Formation of Au NPs via the reduction of HAuCl4 in the presence of the thiol ligand has been a widely used technique in preparing ligand-stabilized Au NPs.14 Schiffrin and coworkers proposed a two-step mechanism for the formation of Au NP from HAuCl4.15 The first step involves the conversion of Au(III) salt to the Au(I) state (as thiolate salt). The Au(I) thiolate at this point is in a polymeric form. The second step involves the reductive decomposition of the polymeric Au(I) thiolate to form the NP. Although this method has been extensively used, its mechanistic details have not been elucidated.14 One of the most intriguing steps is the formation of polymeric Au(I) thiolate or the NP precursor. Exploration of this step could lead to clues on how to control the size of the resulting NPs, since the properties of the polymeric precursor are dependent on several factors, such as the nature of ligand, ionic strength, solvent conditions, and pH. The variation in the polymeric structure by the nature of the ligand has been well documented in related compounds, such as gold based antiarthritic agents.16-18 For example, Myocrisin assumes a small cyclic structure (tetrameric) due to the repulsive force brought about by the carboxylate groups in adjacent ligands.16
Choosing the right ligand for NP synthesis is key in forming Au NPs with desirable properties. In this study, we chose the naturally occurring peptide ligand, glutathione (GSH). GSH is a ubiquitous tripeptide (γ-Glu-Cys-Gly), which acts primarily as a reducing agent in biological systems. Because of the favorable properties such as the presence of thiol, carboxylic acid and amino groups, water-solubility at relevant biological pH, biological compatibility, and ease of functionalization, GSH is a very attractive ligand in making water-soluble NPs for biological applications. The presence of carboxylic acid and amino groups on GSH ligand complexed with Au(I) has the potential advantage of being a pH-sensitive compound, which can adopt different conformational states and sizes depending on the pH of solution.

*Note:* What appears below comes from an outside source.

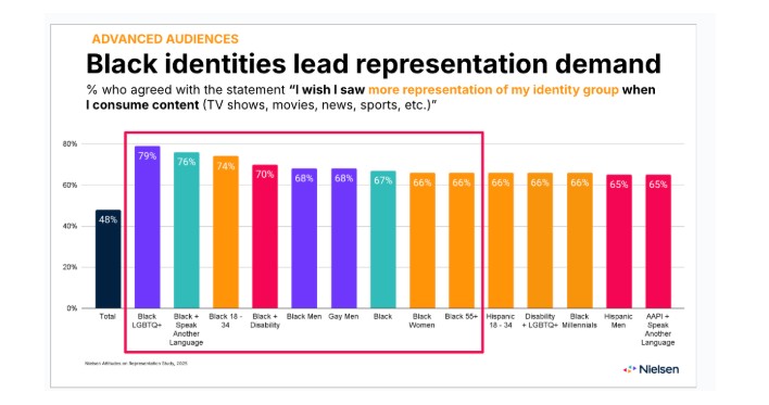 Il existe également une forte opportunité d'atteindre le public noir à la télévision et en streaming, comme le montrent les nouvelles données Nielsen :

The first reported use of GSH as a ligand for Au clusters was by Hainfeld and coworkers19 and further studied by Whetten and coworkers in 1998.20,21 Whetten et al. synthesized the Au NPs via sodium borohydride reduction of the mixture of tetrachloroauric acid and GSH in methanol-water (2:3) and obtained Au NPs with most abundant component having a diameter of 0.9 nm. Tsukuda and coworkers conducted a more extensive electrophoretic separations and high resolution mass spectrometric analyses of the Au NPs, prepared in a similar manner as that of the Whetten's study, to reveal the varied size composition of the NP mixture (i.e. Au10(SG)10, Au15(SG)13, Au18(SG)14…) depending on the reaction temperature (low or room temperature).22,23 In both studies, the size of the NPs formed was between 0.8 nm and 1.1 nm. Although the preparation of the Au NPs was well-established and the composition of the Au NPs was extensively characterized, the issues of size controllability and further functionalization of the Au NPs to suit particular applications, such as biomolecular labeling, were not addressed in these studies. These issues are very important especially for the utility of the Au NPs in applications that require functionality and size control. Herein, we report a technique for which the size of the Au NPs coated with GSH can be controlled by varying the size of the nanoparticle precursor [Au(I)SG] through pH control. The size of the final NPs can be varied from 2 to 6 nm. Furthermore, functionalization of Au NPs coated with GSH is demonstrated by the introduction of nitrilotriacetic acid (NTA) moiety by mixing another ligand (i.e. NTA-Lysine modified ligand) with GSH. To demonstrate the utility of the size-controllable Ni-NTA-functionalized Au NP in the 2-6 nm size regime, a biomolecule, adenovirus serotype 12 (Ad12) knob expressed with 6x-histidine (His) tags, is labeled with 4.4 nm Au NP and analyzed by size exclusion chromatography (SEC) and transmission electron microscopy (TEM).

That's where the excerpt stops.